Nay more, death is preferable to life: long before the time of Hamlet, Kwang-tze questioned the skulls of the dead and learned from mouths of bone such truths as mouths of flesh do not reveal:

When Kwang-tze went to Khû, he saw an empty skull, bleached indeed, but still retaining its shape. Tapping it with his horse-switch, he asked it, saying, “Did you, Sir, in your greed of life, fail in the lessons of reason, and come to this? Or did you do so, in the service of a perishing state, by the punishment of the axe? Or was it through your evil conduct, reflecting disgrace on your parents and on your wife and children? Or was it through your hard endurances of cold and hunger?

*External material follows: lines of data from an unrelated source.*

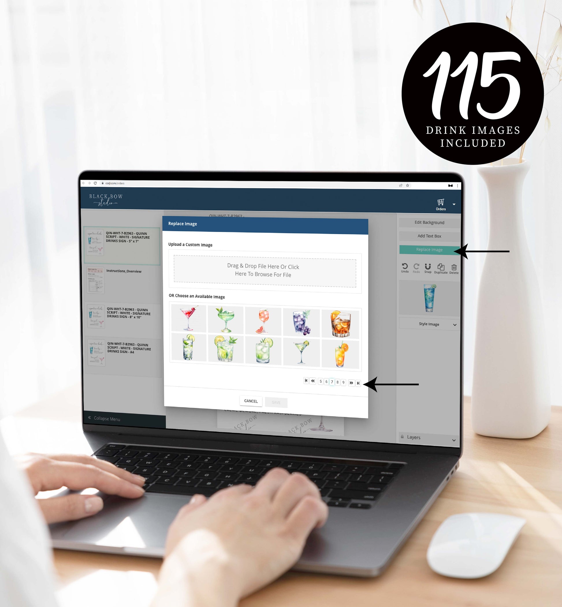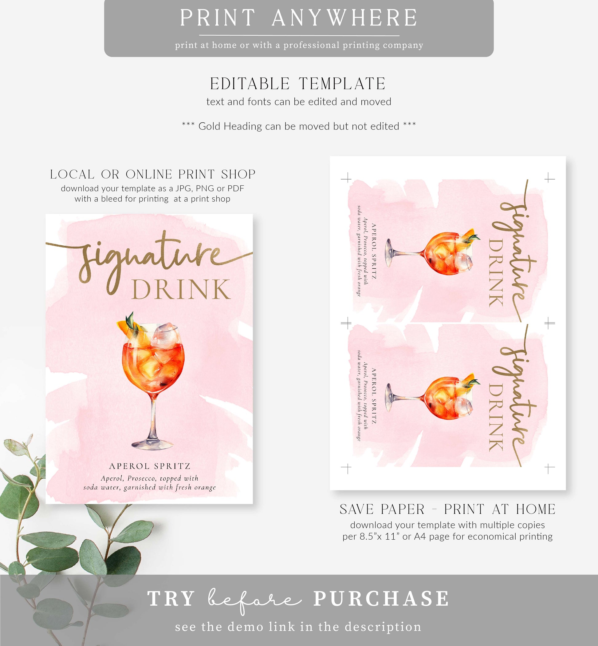This printable signature drink bar menu sign template features fully editable text and over 100 cocktail images.
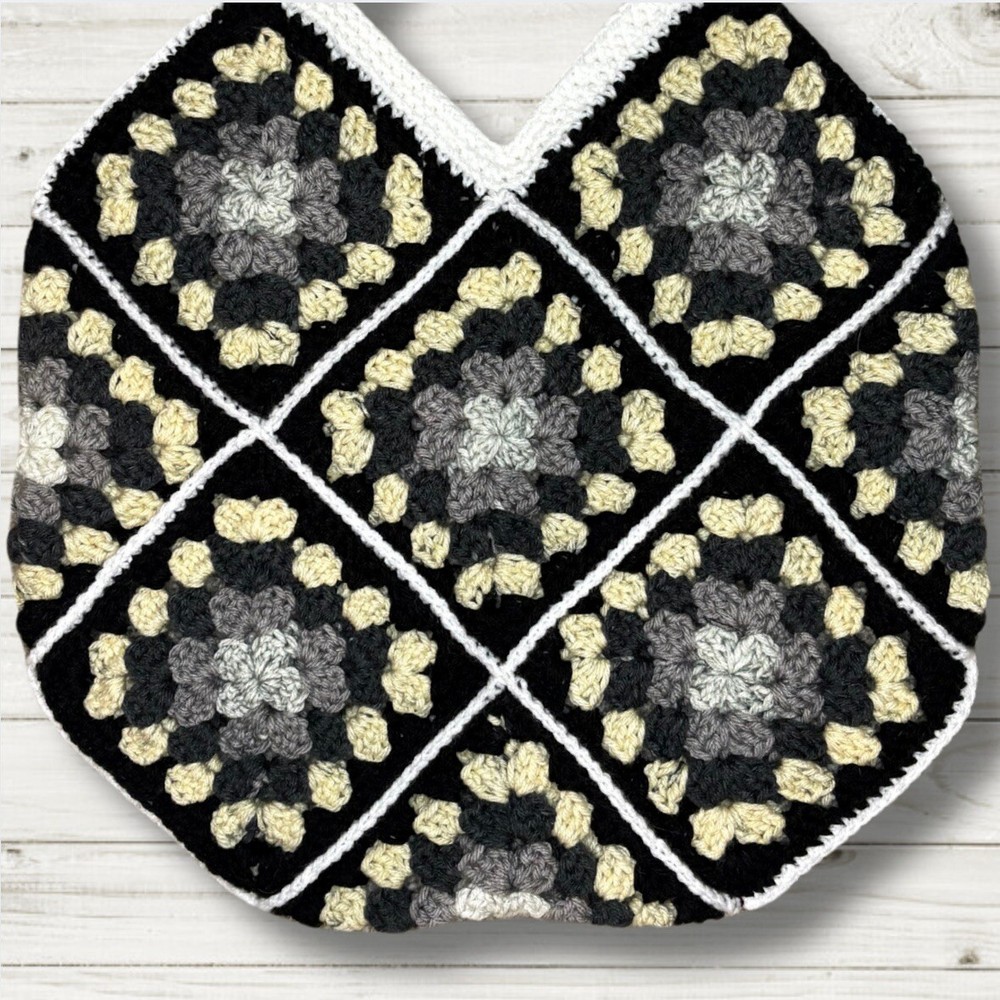 Introducing our Granny Square Tote Bag in a stunning gradient of grays with a crisp white border! This large, versatile bag is perfect for everyday use. Complete with a fashionable faux leather tag, this unique piece will add a touch of style to any outfit. Handmade with love, it's a must-have accessory for any fashion-forward individual. Dimensions: 16x16 inches
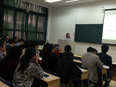 讲座伊始,赵博士首先介绍了批判质性研究的概念。她指出批判质性研究认为社会是由各种权力关系构成的,所以,社会不公平是普遍存在的。批判质性研究即是研究权力关系、关注社会不公平现象的质性研究,其研究目的是为了促成积极的社会改变。
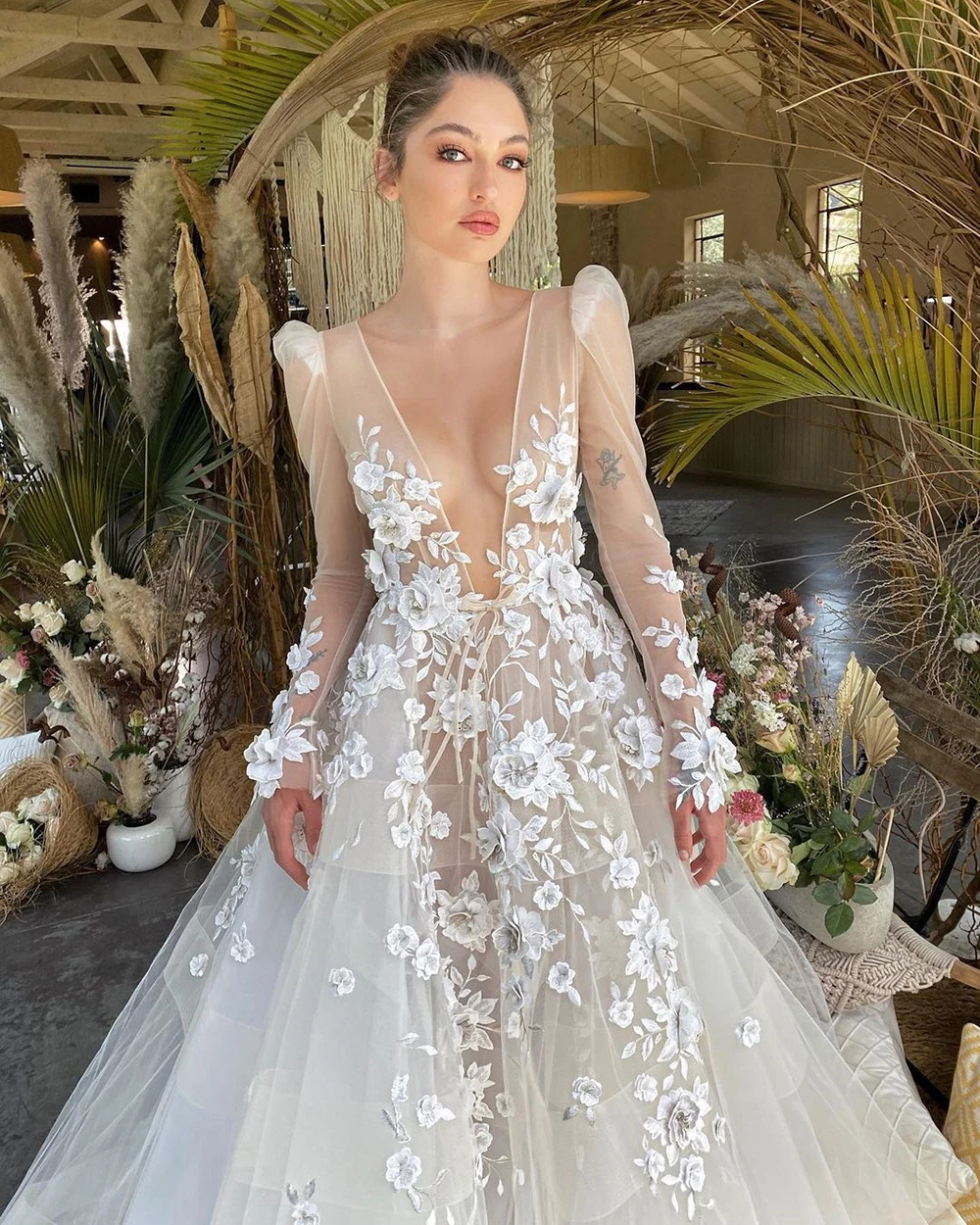 Женское свадебное платье It's yiiya, белое кружевное платье А-силуэта с 3D цветами, V-образным вырезом и длинными рукавами на лето 2019

Or was it that you had completed your term of life?” Having given expression to these questions, he took up the skull and made a pillow of it when he went to sleep. At midnight the skull appeared to him in a dream, and said, “What you said to me was after the fashion of an orator. All your words were about the entanglements of men in their lifetime. There are none of those things after death. Would you like to hear me, Sir, tell you about death?” “I should,” said Kwang-tze, and the skull resumed: “In death there are not (the distinctions of) ruler above and minister below. There are none of the phenomena of the four seasons. Tranquil and at ease, our years are those of heaven and earth. No king in his court has greater enjoyment
  1. Vol. XXXIX, pp. 194–95. On this passage see Farinelli, La vita è un sogno, Turin, 1916, Vol. I, pp. 21 and 256. Farinelli, however, does not refer to a Chinese comedy which is built entirely on this idea. It is by Chi-yuen, and is called Hoang-liang-mong (The Dream of the Yellow Millet) and has a Tâoist thesis.